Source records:
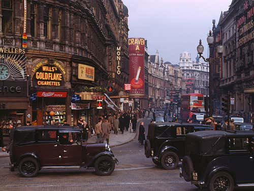 This photo shows the view along Shaftesbury Avenue from Piccadilly Circus, London, in 1949.
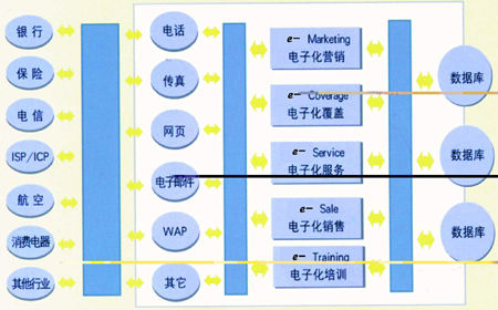 、電子化覆蓋(e-Coverage)、電子化營銷(e-Marketing)、 電子化銷售(e-Sale)和電子化培訓(e-Training)等內容。
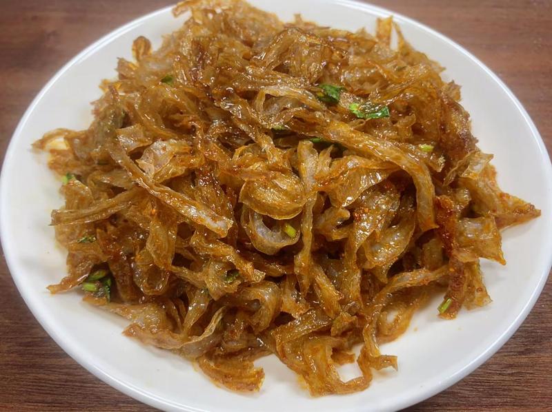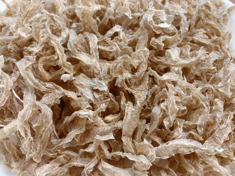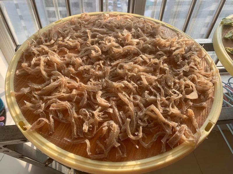 4、下圖是我曬了1天的魔芋豆腐乾,顏色看上去比最初的時候透亮,手摸上去還特爽脆,一定不要着急存放,要繼續晾曬1天就差不多了。
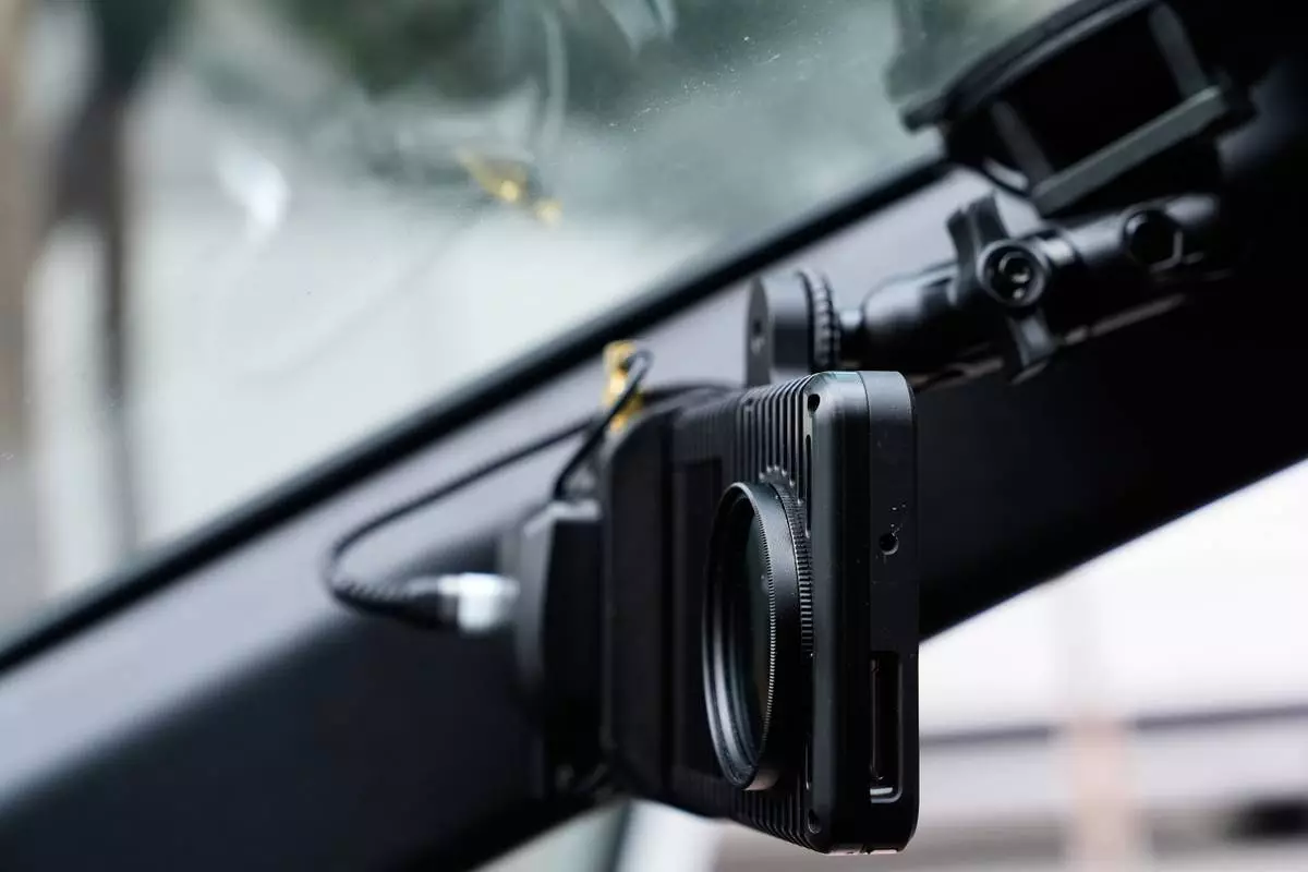 A small detection camera – which uses AI to detect road hazards and potholes – is seen mounted inside a parking enforcement vehicle, in San Jose, Calif., Wednesday, Nov. 12, 2025. (AP Photo/Godofredo A. Vásquez)
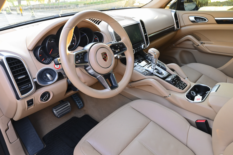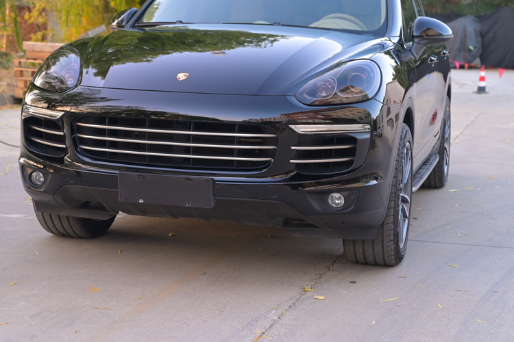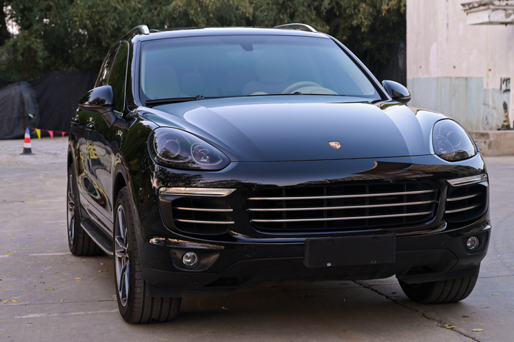 我们自营车车库里最近来这辆2016款3.0T的Cayenne。它是2017年上牌的。原厂是棕色,前车主贴的黑色车衣。
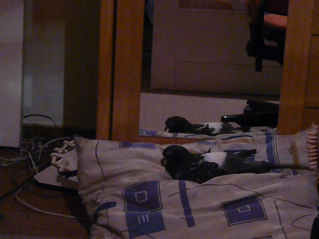 Par baložiem - bērnībā ziemā atradām nekustīgu balodi - mājās "atkausējām", bet šis vēl ēst nemācēja. Jaunputns salā izlaists no ligzdas
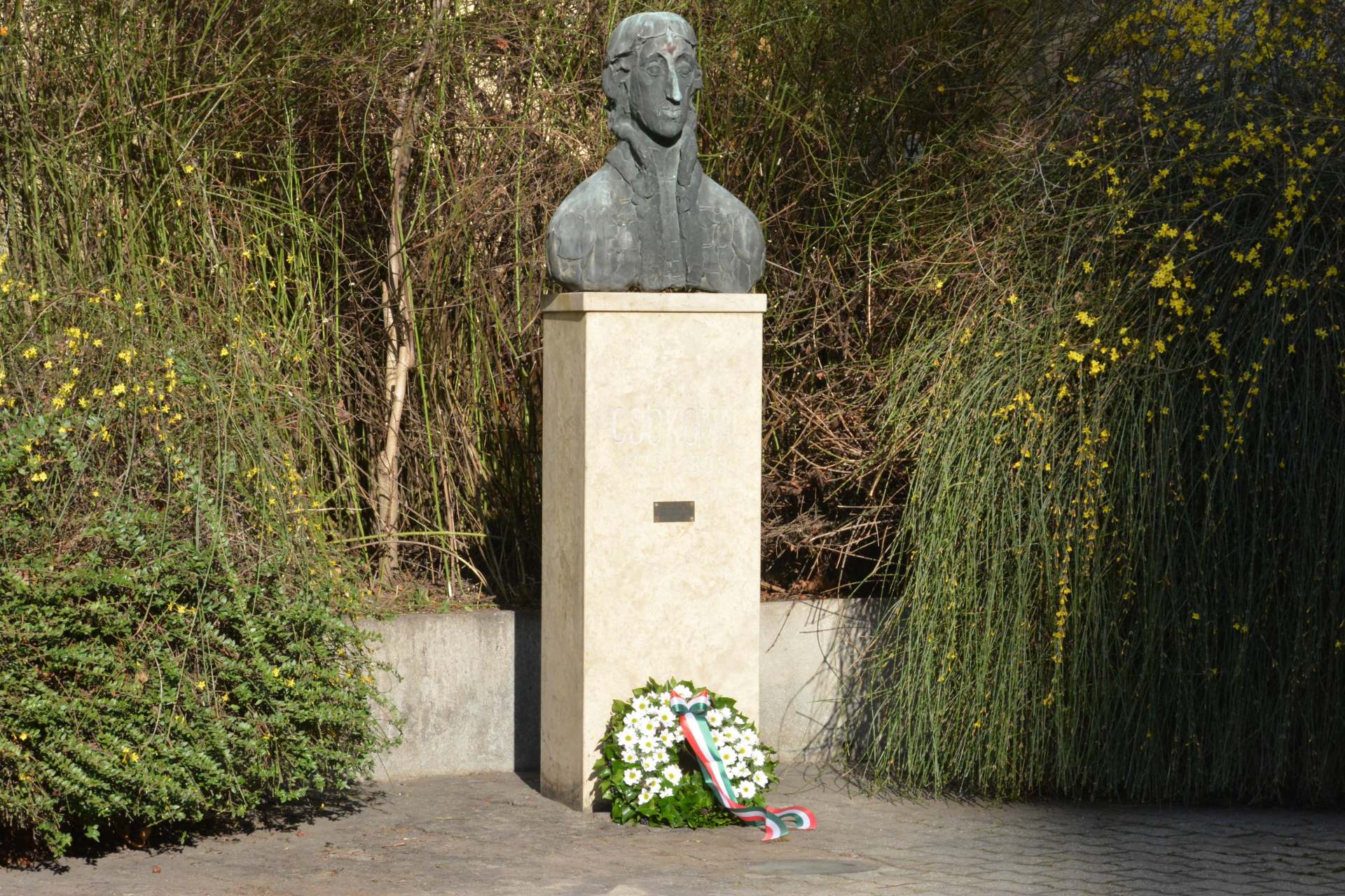 A koszorút az Együd Árpád Kulturális Központ igazgatója, Szalay Lilla és Karpov András, az intézmény munkatársa helyezte el a szobornál.
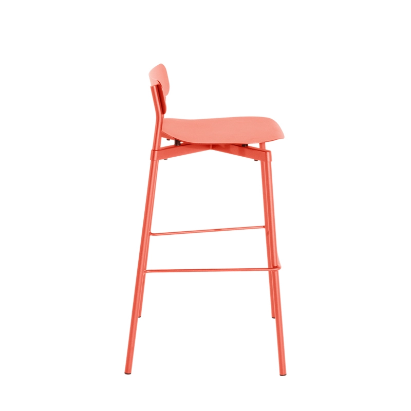 La collection Fromme offre plusieurs avantages fonctionnels : confort grâce à l’assise légèrement incurvée et aux amortisseurs placés sous le siège, usage indoor et outdoor grâce au choix de la fabrication en aluminium et d’une peinture matte grainée traitée anti-UV. Le tabouret haut Fromme résistant à l’eau et certifié pour un usage extérieur intensif, mais s'intègre aussi très bien à l'intérieur.
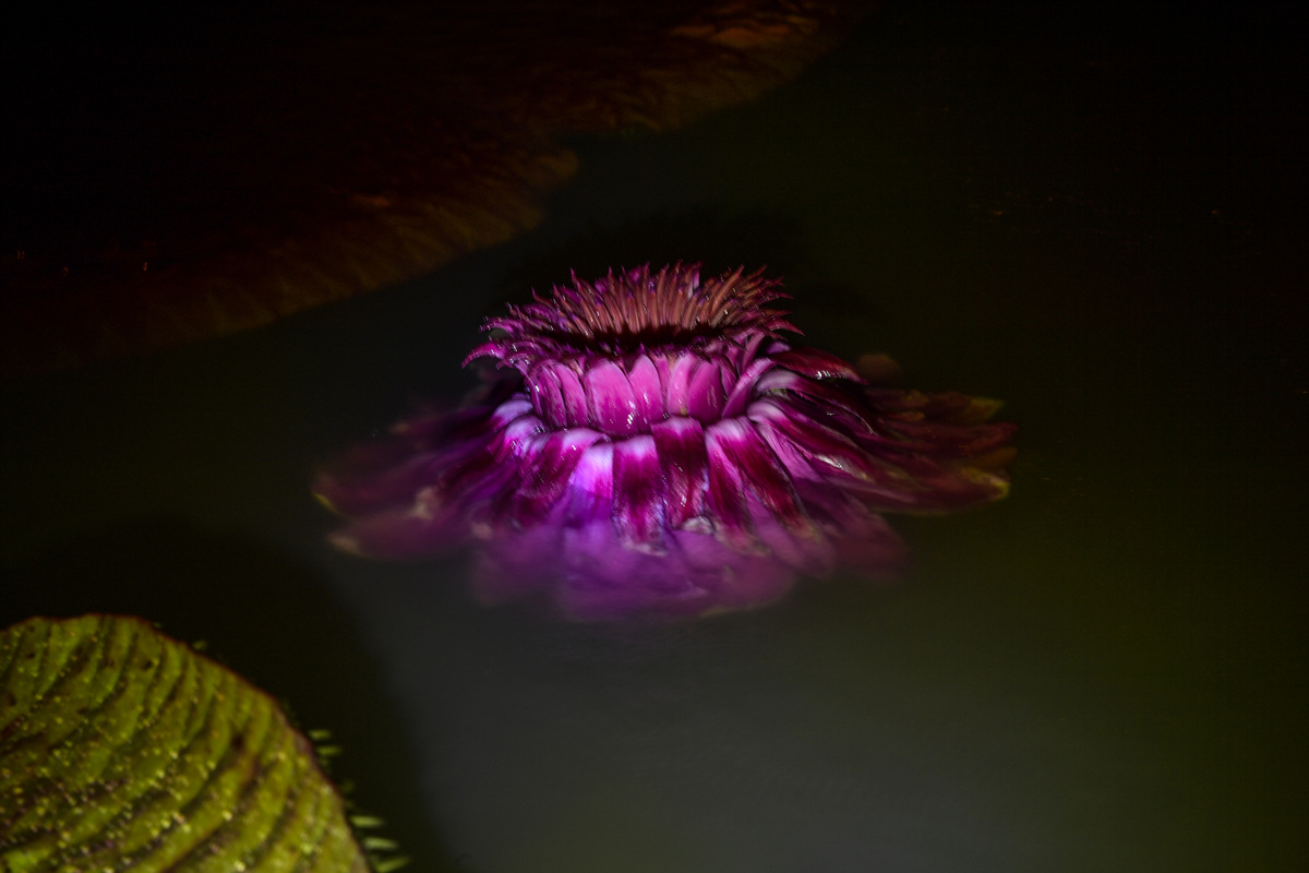 어제 저녁 내린 폭우로 인해 물 속에서 대관식을 치른 빅토리아 연꽃입니다.
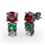 Garnet, yeşil kuvars ve pırlanta 925 ayar siyah rodyum kaplama gümüş küpe (0.22 karat)

> [What you have to do] Your copy of the data should match it exactly, apart from the images, which are omitted.

> [Result of this exercise]
 This photo shows the view along Shaftesbury Avenue from Piccadilly Circus, London, in 1949.
 、電子化覆蓋(e-Coverage)、電子化營銷(e-Marketing)、 電子化銷售(e-Sale)和電子化培訓(e-Training)等內容。
 4、下圖是我曬了1天的魔芋豆腐乾,顏色看上去比最初的時候透亮,手摸上去還特爽脆,一定不要着急存放,要繼續晾曬1天就差不多了。
 A small detection camera – which uses AI to detect road hazards and potholes – is seen mounted inside a parking enforcement vehicle, in San Jose, Calif., Wednesday, Nov. 12, 2025. (AP Photo/Godofredo A. Vásquez)
 我们自营车车库里最近来这辆2016款3.0T的Cayenne。它是2017年上牌的。原厂是棕色,前车主贴的黑色车衣。
 Par baložiem - bērnībā ziemā atradām nekustīgu balodi - mājās "atkausējām", bet šis vēl ēst nemācēja. Jaunputns salā izlaists no ligzdas
 A koszorút az Együd Árpád Kulturális Központ igazgatója, Szalay Lilla és Karpov András, az intézmény munkatársa helyezte el a szobornál.
 La collection Fromme offre plusieurs avantages fonctionnels : confort grâce à l’assise légèrement incurvée et aux amortisseurs placés sous le siège, usage indoor et outdoor grâce au choix de la fabrication en aluminium et d’une peinture matte grainée traitée anti-UV. Le tabouret haut Fromme résistant à l’eau et certifié pour un usage extérieur intensif, mais s'intègre aussi très bien à l'intérieur.
 어제 저녁 내린 폭우로 인해 물 속에서 대관식을 치른 빅토리아 연꽃입니다.
 Garnet, yeşil kuvars ve pırlanta 925 ayar siyah rodyum kaplama gümüş küpe (0.22 karat)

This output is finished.